Built 1907, the two-storey hotel is a prominent figure on a 6,475sqm site on Pioneer Drive. Initially built as a hotel, it was unable to trade as such for decades due to a clause in the title by the previous owner, Henri Reed, stating that no property of his “could be used for the sale or consumption of liquor until [it] had sold three times, with each owner having owned it for 25 years”.

In 1929, R. P. Furmage turned the building into a grocery and hardware store.
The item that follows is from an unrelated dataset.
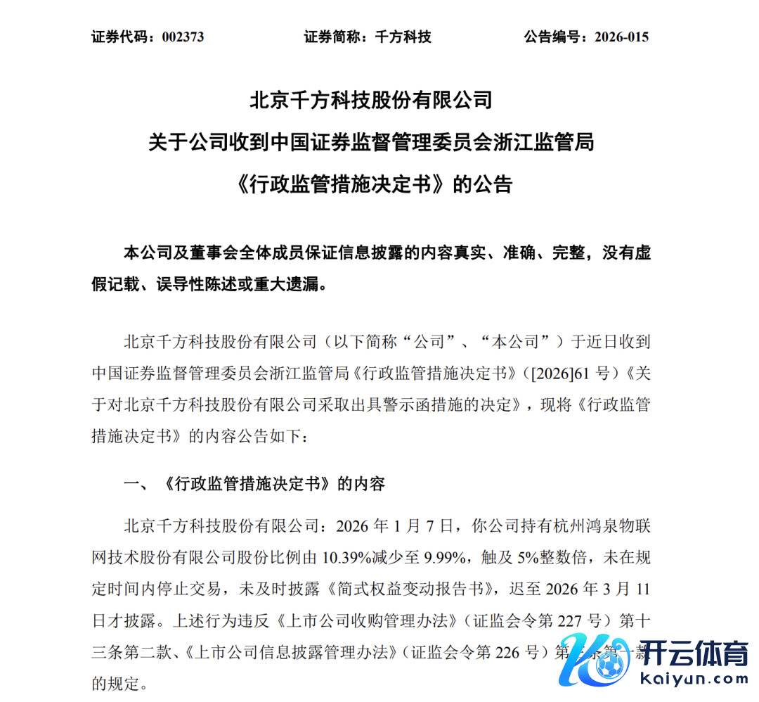 阐述《行政监管措施决定书》,2026年1月7日,千方科技捏有杭州鸿泉物联网时刻股份有限公司(简称“鸿泉时刻”)股份比例由10.39%减少至9.99%,波及5%整数倍,未在口头时天职住手交游,未实时泄露《简式权利变动讲演书》,迟至2026年3月11日才泄露。

In the 1950s he bought the freehold and set about trying to overturn the clause, so he could use the building as a hotel, and in June 1953 a liquor licence was finally granted.

Its picturesque location, 74 kilometres west of Launceston, is a tourism drawcard and home of the Day at the Creek Festival. Mole Creek takes its name from a local waterway that plunges underground and re-emerges in multiple places.

The pub provides public bar, commercial kitchen and two dining rooms, with external deck, serving a selection including highly popular home-made pies. There is a function room, large rear entertainment and leisure areas, and ten accommodation rooms plus a manager’s residence.

Mole Creek is one of the few last known sighting areas of the famous Tasmanian Tiger, thought to have been extinct since 1936 but still finding local legend. The Hotel has positioned itself as something of a shrine to the mysterious Tasmanian icon, courtesy of its intrepid Tiger Bar, and has enjoyed substantial media coverage over the years.

In 2008 Doug and Ramona Westbrook took the plunge into the Creek. Ramona had worked in pubs since the ripe age of 17, and coaxed her husband out of decades in real estate to become publicans.

“I took over the bar, she did the kitchen,” says Doug. “She said I was the worst barman ever.”  

The couple live close by, but after fifteen years have opted to sell up, offering either a long-term lease with favourable conditions, or the freehold too, for the right price.

Doug says the official reason is retirement, but he has no plans for rest and says he might go back into real estate, since he didn’t realise “how easy” it was compared with running pubs.

“I’ve got a few things to do,” he explains. “I’m only 75 … I’m too young to retire!”

The reluctant retiree regales of his time manning the Mole, recalling the likes of singer-songwriter and actor Jon English, who stayed at the hotel for his birthday each year and Doug says was “a total gentleman”.

“We’ve met some awesome people over the years.”   

The business and property are being marketed by Knight Frank’s John Blacklow, who believes it to be one of picks of the Apple Isle.

“The business is very strong, and proven over many years.

“With the current annual revenue around $2 million, it is highly profitable and has to be one of the best leasehold hotels in Tasmania.”